The stated intent of the pending legislation is to provide emergency funding to Americans quickly in a time of need. This was made difficult with earlier COVID-19 relief funds, due to outdated state benefit systems that were in some instances about passing on the funds to individuals who needed them. Bureaucracies sometimes become an obstacle to solving the problems they were originally created to solve. Another concern has to do with fiscally challenged local and state governments skimming from funds intended for direct aid to citizens, as “administrative fees” for handling the aid. A DDW would allow federal aid for citizens to bypass this additional gatekeeper, and be distributed evenly and quickly to all Americans, regardless of the state or city in which they reside.
Potential Dangers of DDW
So what is the problem, and why should we be concerned about receiving funds to a new digital wallet? Some would say that the IRS already issues tax refunds electronically to bank accounts, and imply that a DDW is just like that. Except it is not.
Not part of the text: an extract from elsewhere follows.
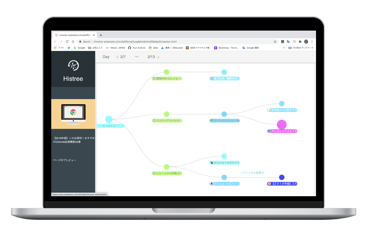 | キャプション | 作業をしているときに、過去に見た参考ページを再度見たくても検索からたどりつけなかったり、ブラウザの履歴から見つからないことがよくあります。本作品は、Google Chromeの拡張機能として動作し、特定の条件を満たした検索履歴だけを表示し、またリンク関係からツリー状に表示することで、思い出したいサイトを見つけやすくします。 |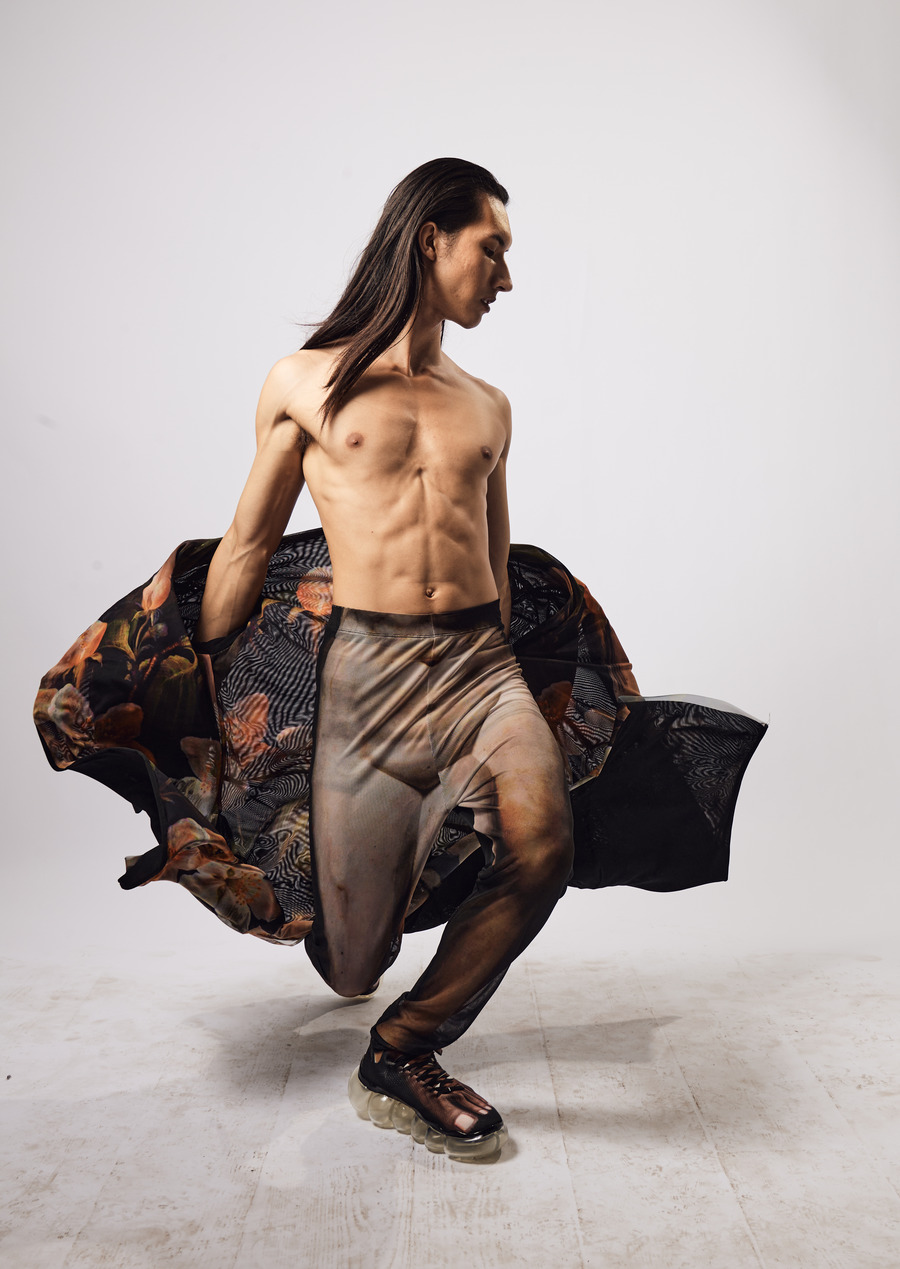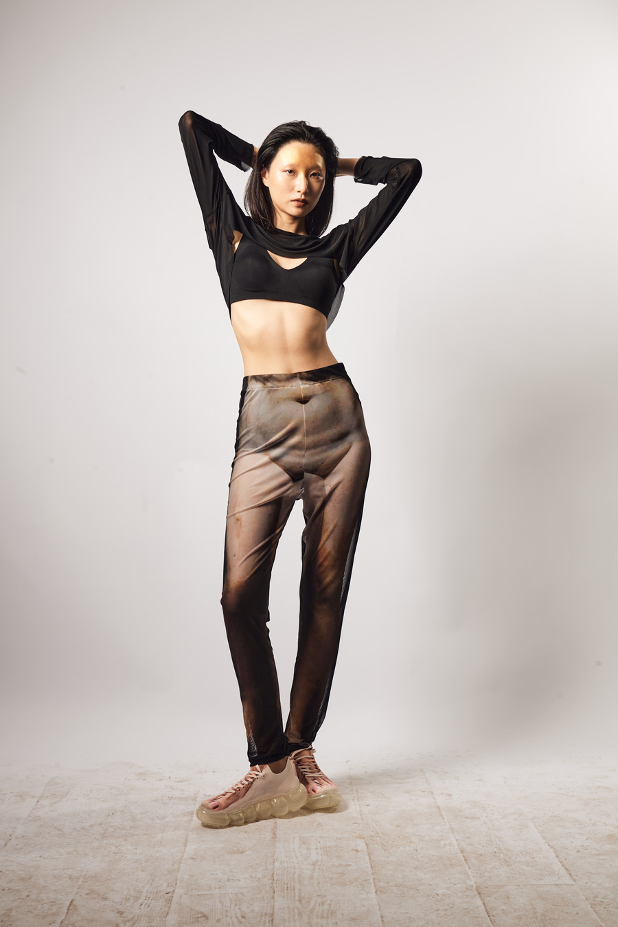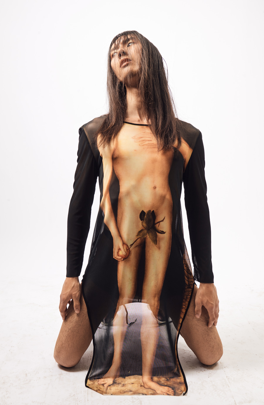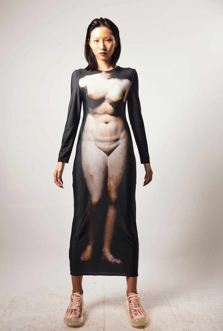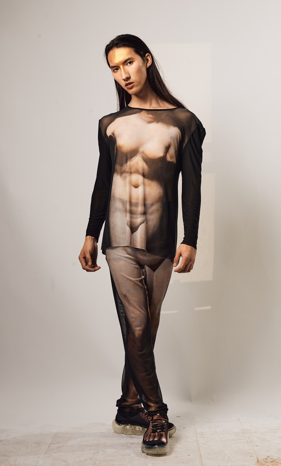 The collection proposes newness via bodycon dresses, tops and leggings printed on soft semi-transparent Italian mesh and printed with images of artistic nudity, male and female, and full-body harnesses. Almost all garments are “played” on male and female models, inviting openness toward traditional gender roles. In line with IA London’s ideology of timeless and responsible fashion, the new collection shows just enough to deliver its new artistic vision for this season.

Electronically deposited Dollars can be withdrawn from your bank account, and spent when and where you choose, for whatever you choose. A DDW can have many restrictions imposed from Washington or elsewhere, to allow the funds to be spent only when, where, and for what they deem necessary or important at any given time. One of the challenges this type of system seeks to address began in the early days of COVID-19, when New York City was the epicenter of draconian lockdown conditions and virus-related deaths. Despite lockdown requests and orders, many New Yorkers fled the city and headed for other states and regions to escape the virus and lockdown conditions.
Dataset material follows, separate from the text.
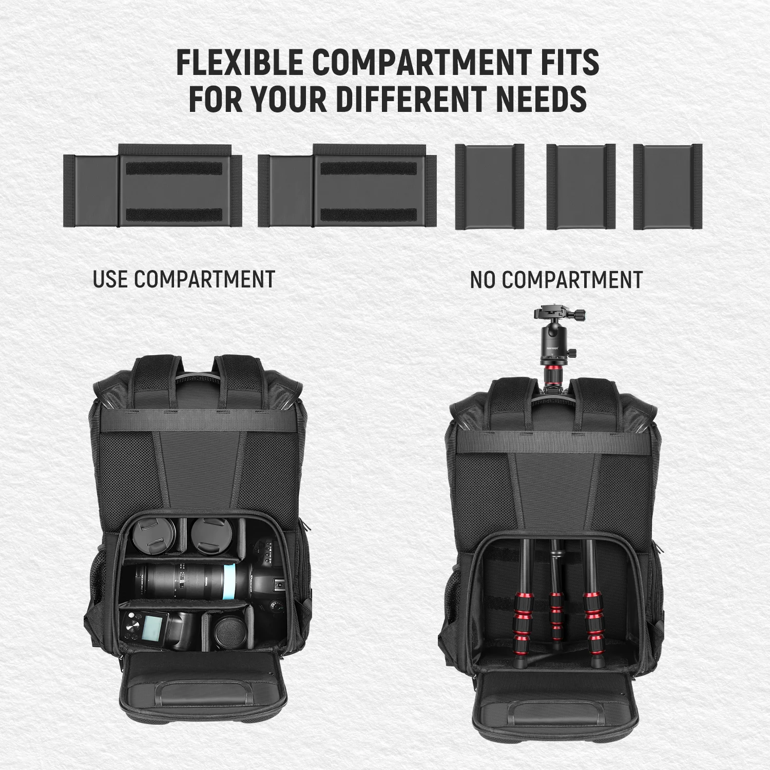 Съемные и регулируемые Внутренние Разделители можно реорганизовать, чтобы соответствовать вашим фотографическим шестеренкам, а также все Внутренние Разделители можно снять и использовать в качестве повседневного рюкзака. Они изготовлены из ударопрочного хлопка EPE для предотвращения столкновения оборудования.

This led to new quarantine directives in neighboring states, due to the influx of New Yorkers seeking relief. Later on after New York was temporarily in the clear and outbreaks of the virus were happening elsewhere, New York began restricting visitors from other locations with mandatory quarantines upon arrival. Part of the appeal for policy makers of a DDW system, is they can program each person’s digital assets to only be spendable in their local geographic area. This can restrict peoples’ movement during a pandemic or whatever other circumstances which may arise, which some believe will help authorities better manage future outbreaks. Many of those that relocated had other assets to use, and would probably not have stayed due to a location-restricted DDW. But what if DDW’s were expanded in scope, to include more than just government assistance payments?
DDW (US) vs Social Credit Score (China)
It wouldn’t be much of a stretch to attach existing bank accounts to a DDW structure, thereby giving authorities control over many more aspects of our financial lives. This type of setup is already functioning in other locations around the world, such as in China. The “social credit score” is used in China to restrict people’s movement, based upon a variety of factors from pandemics, to undesirable personal habits such as smoking or playing video games. If you smoke in China, and then write an unpleasant letter to the editor about the authorities, your “social credit score” would suffer, and you might not be allowed to travel freely. Your electronic currency would only work in the area in which you live, and could not be used to purchase an airline ticket. The list of offenses leading to restrictions on your funds is long, and often unknown until after you have violated them.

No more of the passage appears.